Segment Start: Given data
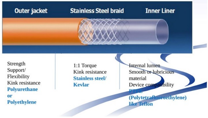 Struktura "podšívka vrstvy zesílení kabátu": U některých špičkových zaváděcích trubic je doprostřed přidána výztužná vrstva (jako je drátěný oplet z nerezové oceli), aby se dále zlepšila odolnost zaváděcí trubice v ohybu a zalomení.
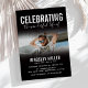 A modern celebration of life funeral announcement featuring big bold text with a fusion of calligraphy typography, a photograph of your loved one blended in with the background with the use of overlays and a simple memorial template that is easy to customize with your own details.
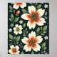 Póster Cream Flowers with Red Centers & Green Leaves
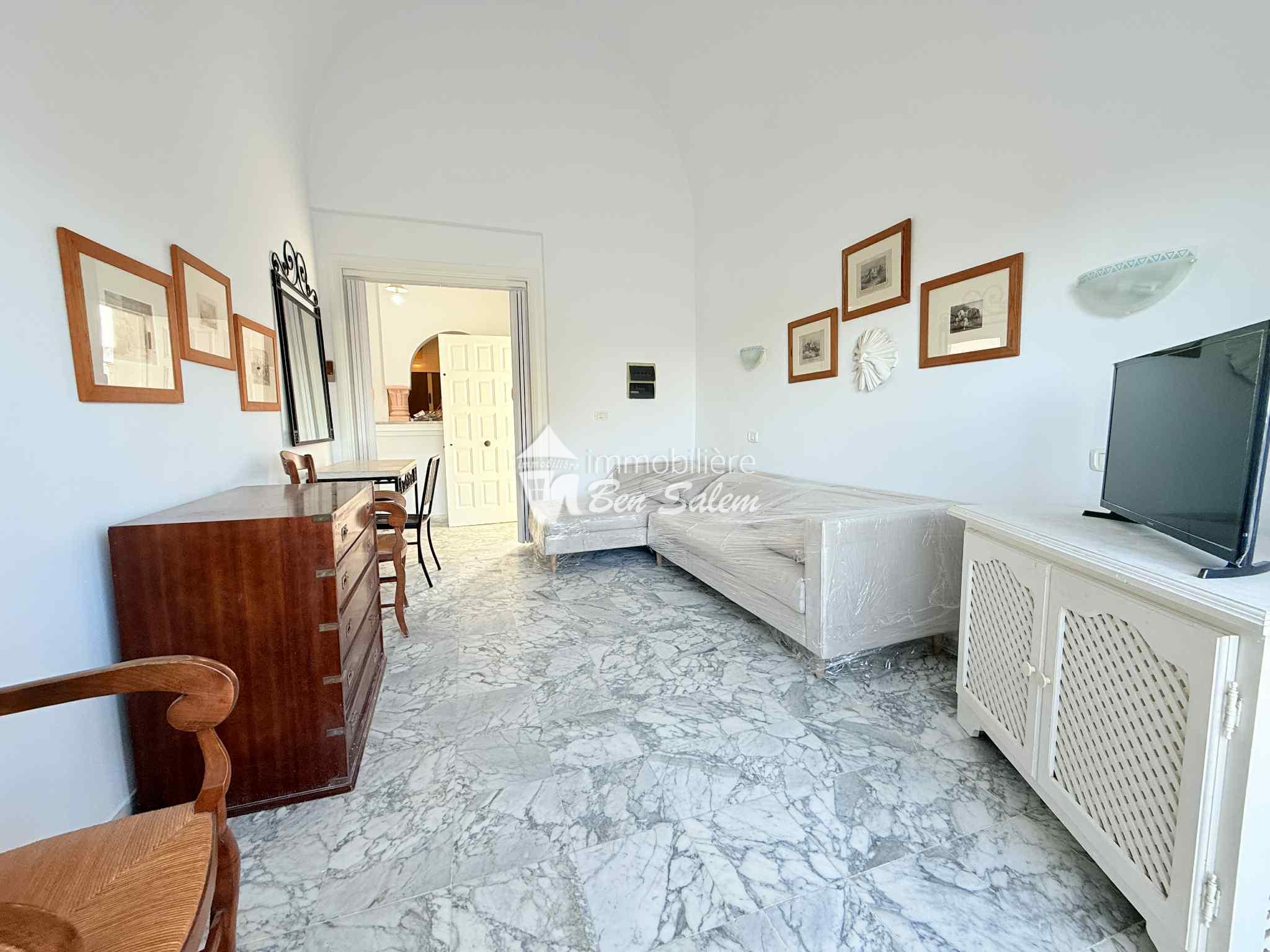Le hall d’entrée donne sur un salon lumineux qui donne sur une terrasse avec vue de mer. La cuisine est ouverte sur le salon, elle est aménagée et équipée. La partie nuit abrite une chambre à coucher avec vue de mer ainsi qu’une salle de bain.
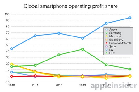 Theo phân tích của hãng nghiên cứu thị trường Canaccord Genuity (Canada), hiện Apple là hãng smartphone xếp thứ 2 về doanh số, với 14,5% thị phần trên thị trường smartphone (48 triệu máy được bán ra), tuy nhiên “quả táo” lại nắm giữ đến 94% lợi nhuận của toàn thị trường trong quý III/2015, tăng mạnh so với mức lợi nhuận 85% mà hãng đã nắm giữ trong cùng kỳ năm ngoái.
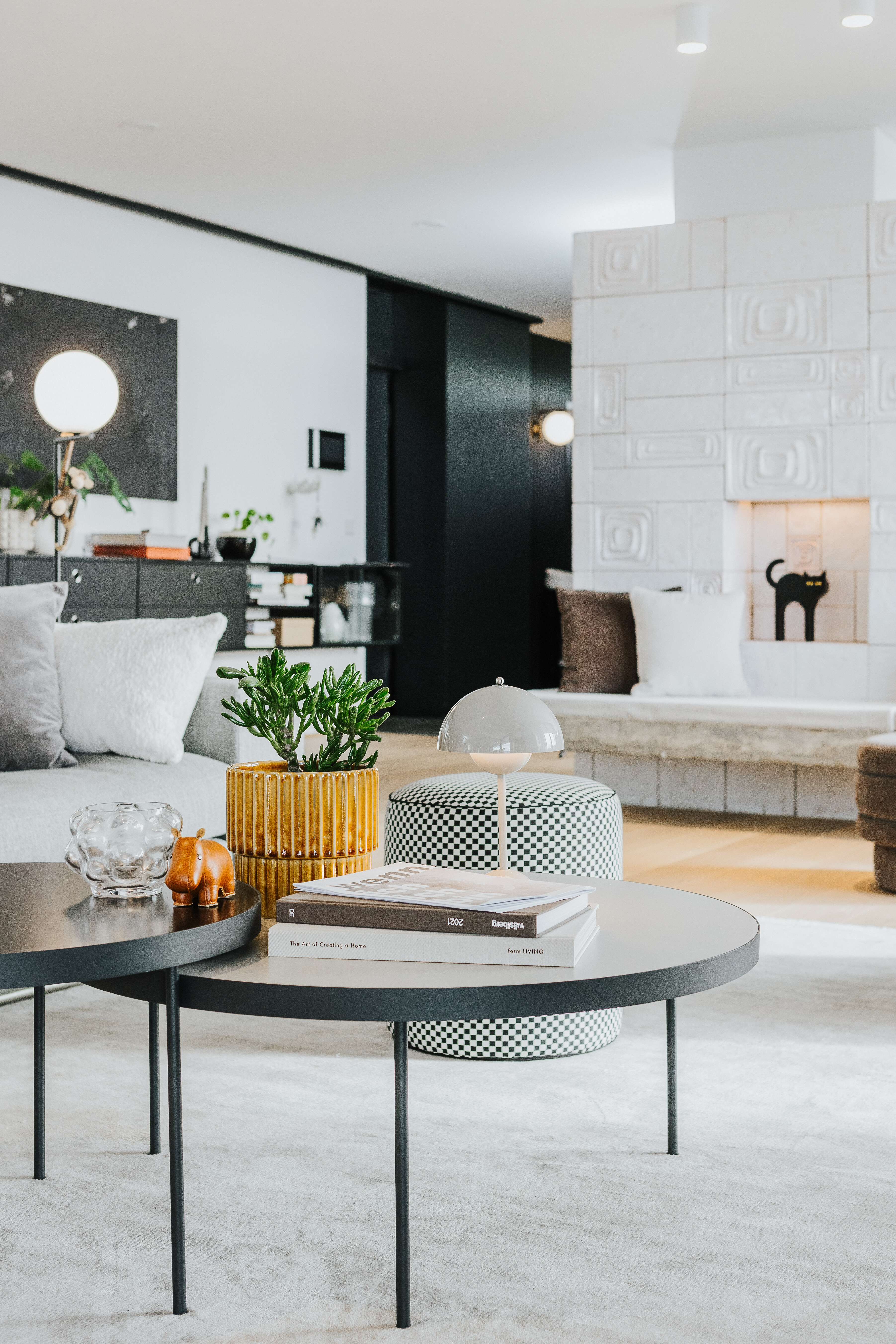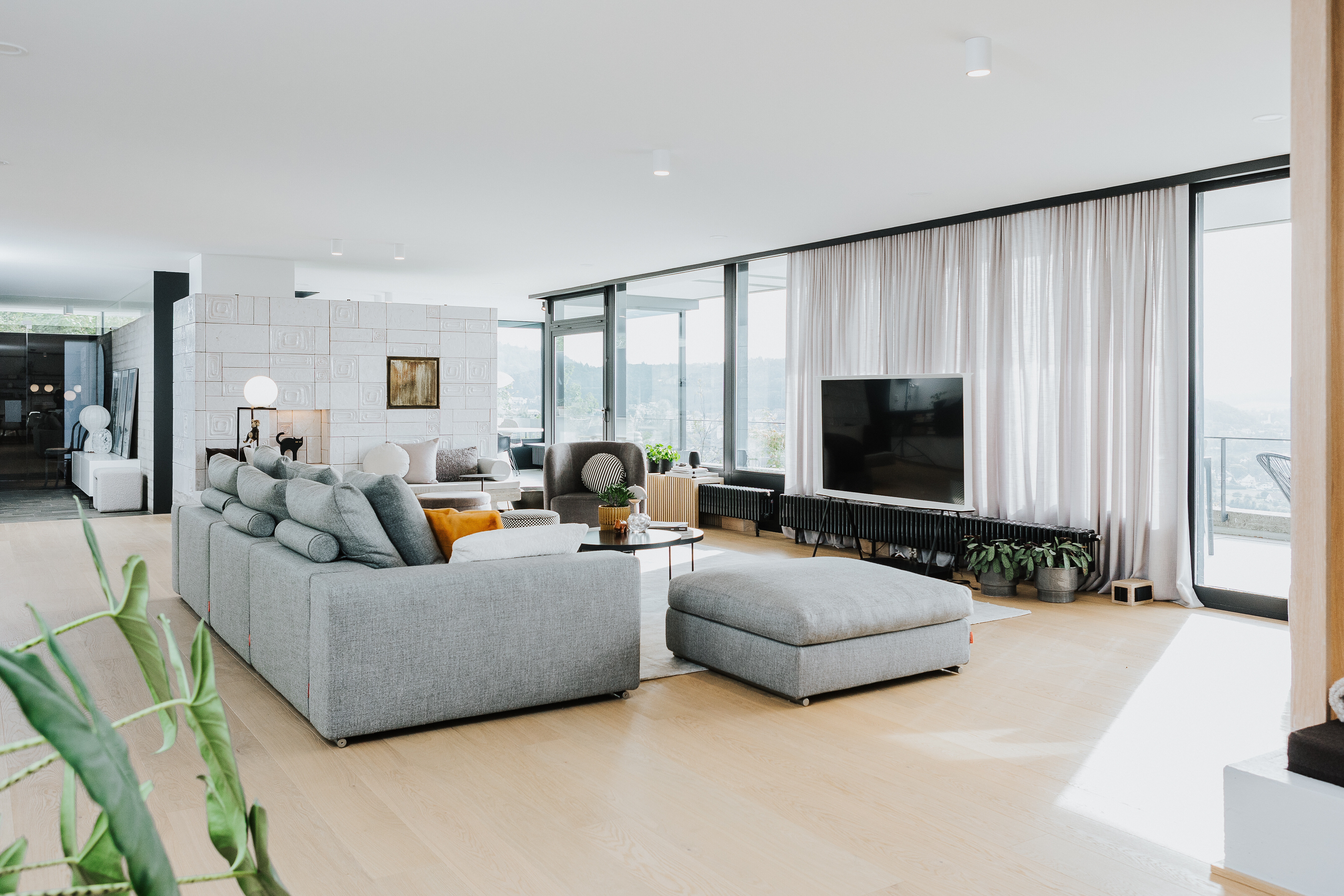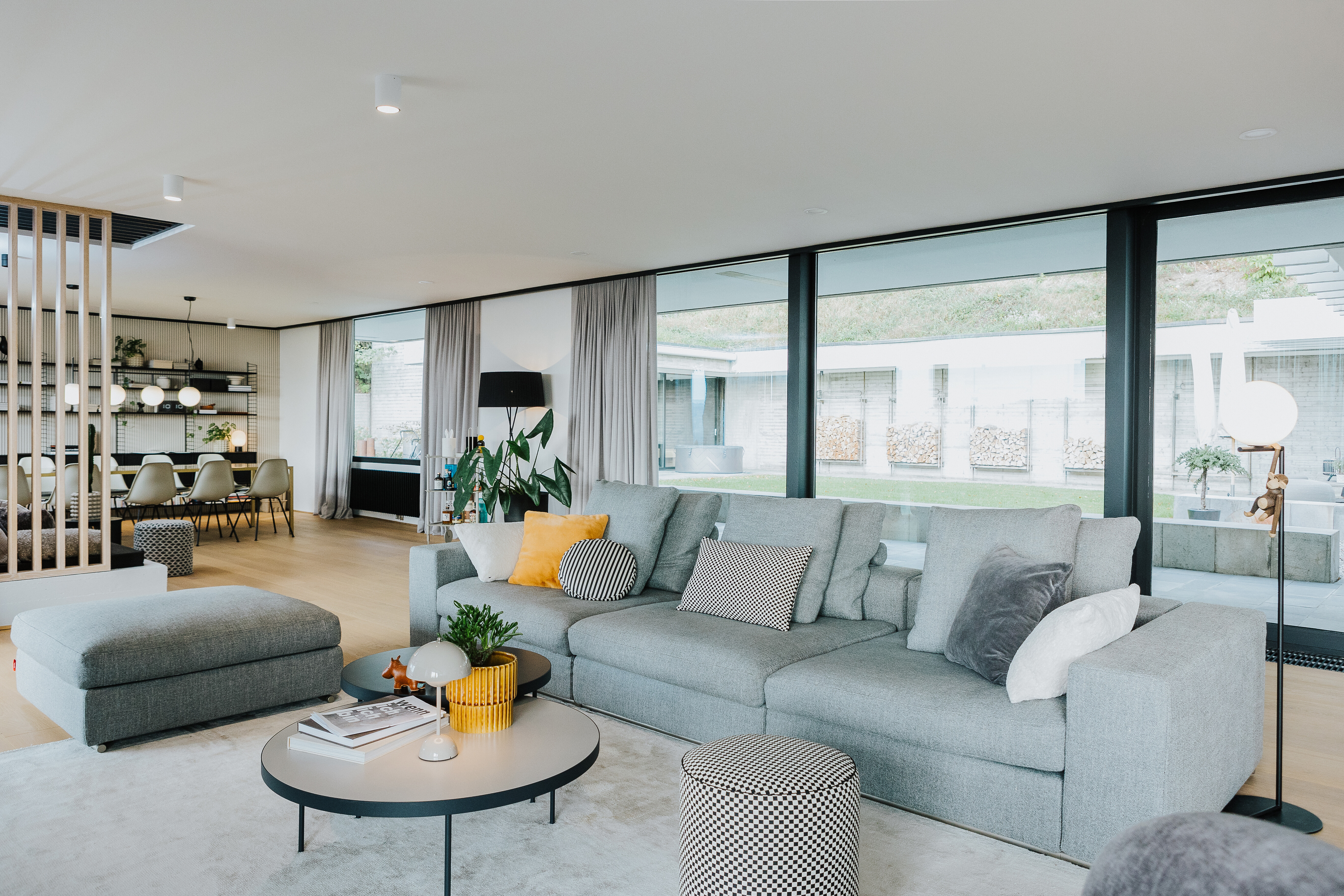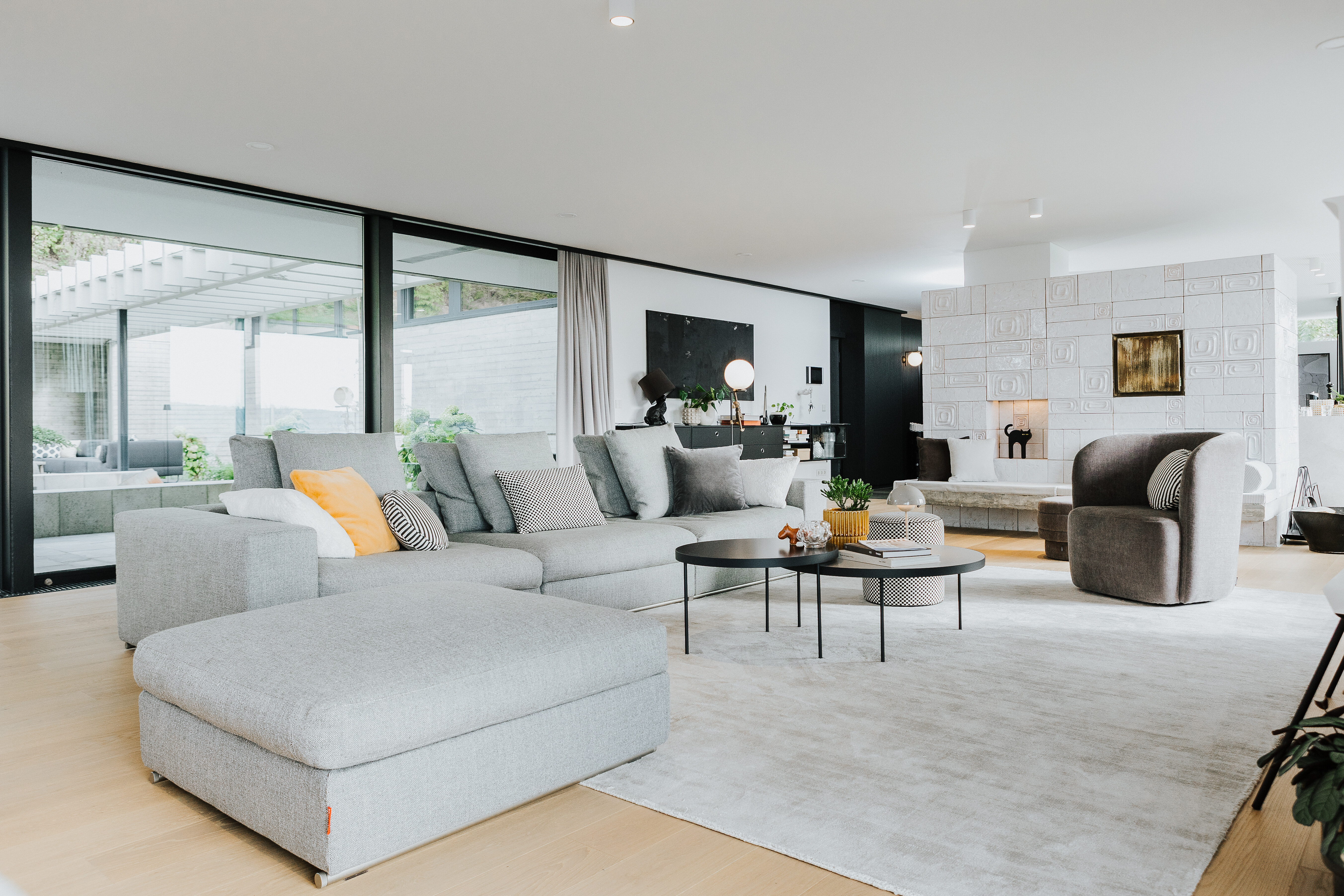 Im Mittelpunkt steht eine großformatige Sofalandschaft in hellem Grau, die mit ihrem klaren Volumen Ruhe in den Raum bringt. Ein farblich abgestimmter Sessel in hellem Braun ergänzt das Ensemble und unterstreicht den wohnlichen Charakter. Dunkle, runde Couchtische setzen einen kontrastierenden Akzent und bieten Fläche für Bücher, Getränke oder kleine Alltagsrituale. Auf einem der Tische sorgt eine hell getönte Flowerpot Tischleuchte von &Tradition für weiches Licht – funktional und zugleich ein gestalterisches Detail, das Leichtigkeit und Stil verbindet.
Segment End: Given data
*What is required*
The required output is the listing above reproduced exactly, pictures removed.

*Completed exercise*
 Struktura "podšívka vrstvy zesílení kabátu": U některých špičkových zaváděcích trubic je doprostřed přidána výztužná vrstva (jako je drátěný oplet z nerezové oceli), aby se dále zlepšila odolnost zaváděcí trubice v ohybu a zalomení.
 A modern celebration of life funeral announcement featuring big bold text with a fusion of calligraphy typography, a photograph of your loved one blended in with the background with the use of overlays and a simple memorial template that is easy to customize with your own details.
 Póster Cream Flowers with Red Centers & Green Leaves
Le hall d’entrée donne sur un salon lumineux qui donne sur une terrasse avec vue de mer. La cuisine est ouverte sur le salon, elle est aménagée et équipée. La partie nuit abrite une chambre à coucher avec vue de mer ainsi qu’une salle de bain.
 Theo phân tích của hãng nghiên cứu thị trường Canaccord Genuity (Canada), hiện Apple là hãng smartphone xếp thứ 2 về doanh số, với 14,5% thị phần trên thị trường smartphone (48 triệu máy được bán ra), tuy nhiên “quả táo” lại nắm giữ đến 94% lợi nhuận của toàn thị trường trong quý III/2015, tăng mạnh so với mức lợi nhuận 85% mà hãng đã nắm giữ trong cùng kỳ năm ngoái.
 Im Mittelpunkt steht eine großformatige Sofalandschaft in hellem Grau, die mit ihrem klaren Volumen Ruhe in den Raum bringt. Ein farblich abgestimmter Sessel in hellem Braun ergänzt das Ensemble und unterstreicht den wohnlichen Charakter. Dunkle, runde Couchtische setzen einen kontrastierenden Akzent und bieten Fläche für Bücher, Getränke oder kleine Alltagsrituale. Auf einem der Tische sorgt eine hell getönte Flowerpot Tischleuchte von &Tradition für weiches Licht – funktional und zugleich ein gestalterisches Detail, das Leichtigkeit und Stil verbindet.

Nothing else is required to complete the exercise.